Healthy modernism can be a powerful defence against inertia. Here its contribution is to ensure that public transport is planned in the public interest, patronage is maximised and the best possible network operates for the resources available. While preserving the best of the past is laudable, on no account should it degenerate into an unthinking hankering that stymies worthwhile (but sometimes risky) progress.


Tony said...

I think it's a bit more complicated than that Peter. What you're describing sounds to me a bit more like 'old-school enthusiasts' versus 'new age enthusiasts'. Both have a preoccupation with physical infrastructure, engineering detail and aesthetic 'look and feel'. The main difference is the old-schoolers tend to reach backward and the new-agers to lurch forward, often on faddish bandwagons.

But at the same time, the 'hankerers' who enthuse about brown buses and steam trains aren't always the same 'hankerers' who want tram conductors back or want to reverse privatisation. And 'modernists' who like smartcards and O-bahns often aren't the same 'modernists' as those who call for pulse timetables and more efficient operating patterns. These kinds of distinctions separate 'enthusiasts' of both camps from 'user advocates' who are more focussed on outcomes and passenger experience.

And user advocates also vary, of course. Some are more intent on reversing what they see as bad mistakes made in the past. Others are more keen to apply planning innovations from elsewhere that were never a feature of our system but which they think could improve it.
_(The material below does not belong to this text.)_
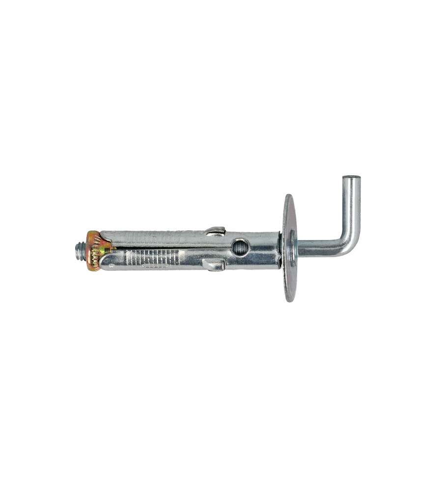 Tassello in acciaio zincato con dadino conico. Assemblato con accessori in acciaio zincato. Di grande versatilità. La particolare forma prolungata permette di eseguire anche fissaggi passanti. Idoneo per ancoraggi leggeri e medio leggeri di elementi vari (anche pensili). Dotato di alette antirotazione.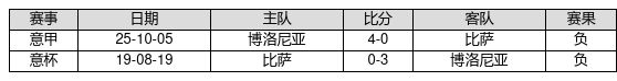 比萨 VS 博洛尼亚两队近10年的交战次数为2场,比萨0胜0平2负,赢球概率为0.0%,平局概率为0.0%,输球概率为100.0%。

In the PTUA I like to think we do both where appropriate. But what most user advocates agree on is that you need to plan what kind of system you want before you go about engineering it.

Riccardo said...

You might like to think the PTUA does, Tony, I'm not sure it does though.

mc said...

The bad old days might be extended to the time of the Sydney Olympics. It was only in roughly 2001 that a map of all Melbourne routes became available (not counting the latest Melway).

Also, Tony is right in that enthusiasts can be categorised in more complicated ways than "likes a certain perception of the past" and "likes possible futures". Though I suspect Peter's dichotomy holds much weight.